Analysis of the Influence of Dynamic Load on the Work Parameters of a Powered Roof Support’s Hydraulic Leg

• Published in: Sustainability Vol. 11; no. 9; p. 2570
• Main Authors: Szurgacz, Dawid, Brodny, Jarosław
• Format: Journal Article
• Language: English
• Published: Basel MDPI AG 03.05.2019
• Subjects: cameras; coal; Coal mining; deformation; dynamic load; energy; Exploitation; hydraulic systems; Hydraulics; information sources; legs; Load; mining; philosophy; research methods; Standardization; Sustainability; sustainable development; time series analysis; Poland; United States > US; Austria
• ISSN: 2071-1050; 2071-1050
• DOI: 10.3390/su11092570

One of the basic tasks of powered roof support is to protect the longwall excavation against deformation of the rock mass during the underground exploitation of hard coal.
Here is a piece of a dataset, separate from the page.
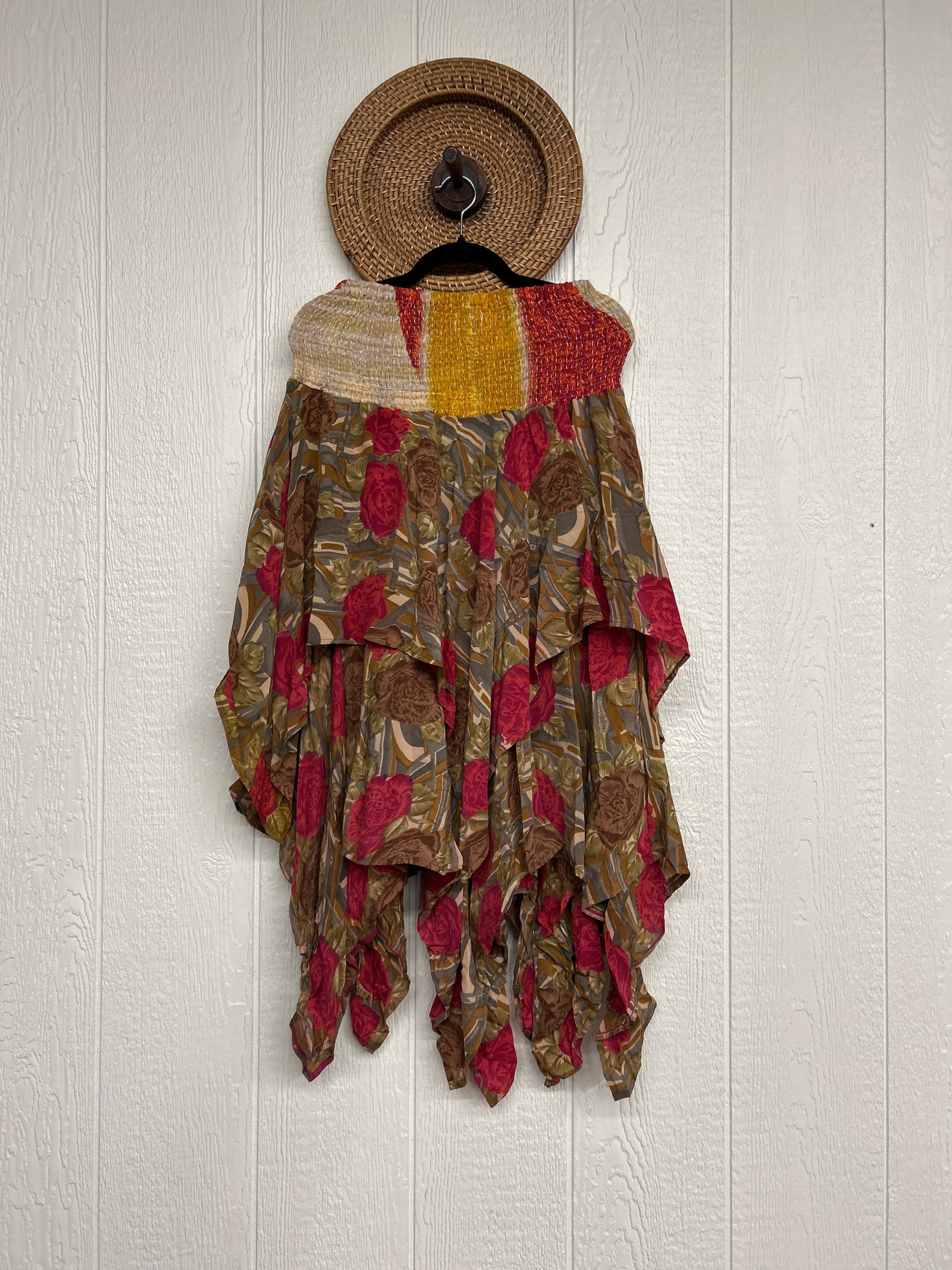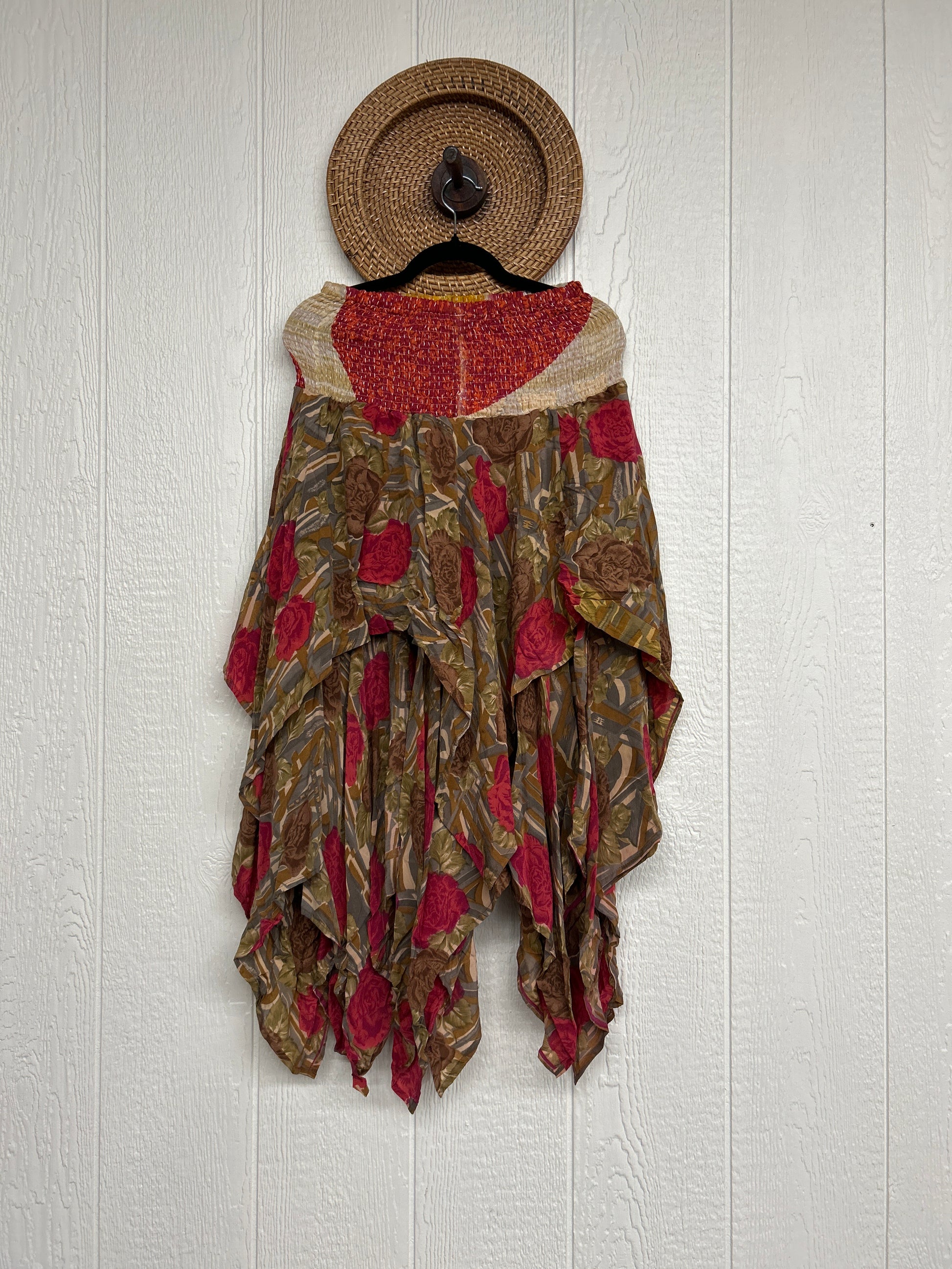 crafted from our ultra lux vintage crepe sari. Features a rock star asymmetrical hem and stretchy waistband. This versatile piece can be pulled up to be worn as a tunic!

The behavior of the rock mass during mining is difficult to predict. Therefore, the loads acting on the support are diverse in terms of nature, direction and force. The dynamic load resulting from rock bursts, relaxation and tremors may lead to particularly dangerous consequences involving the functionality of the workings and the safety of the crew. The powered roof support will function properly only if the elements dynamically loaded are under control at the moment of impact. The article presents the results of tests of the basic powered roof support’s element − a hydraulic leg impacted by dynamic load. The source of the load was a free falling impact mass dropped from a certain height. The tests covered the actual hydraulic leg with all hydraulic equipment used in the powered roof support. During the tests, the original measurement-recording system developed by the authors was used, in which, among others, a high-speed dynamic camera was used to record movements of the leg’s elements. The original research methodology developed together with the measurement system enabled the registration of many parameters of the leg’s work under dynamic load. In particular, this applies to time series of pressure in the leg and the value of its withdrawal depending on the energy of the impact. The individual phases of the leg’s work were also registered, including the opening and closing of the safety valve protecting the leg against overloading. The obtained results broaden knowledge in the field of hydraulic legs used in the mining support under dynamic load. At the same time, they are a valuable source of information for mine maintenance services and should be applied to the design process, selection and operation of a powered roof support in dynamic conditions. The subject of the article fits in with the philosophy of sustainable development, especially in the field of full use of options of the support and ensuring safe and environmentally friendly mining processes.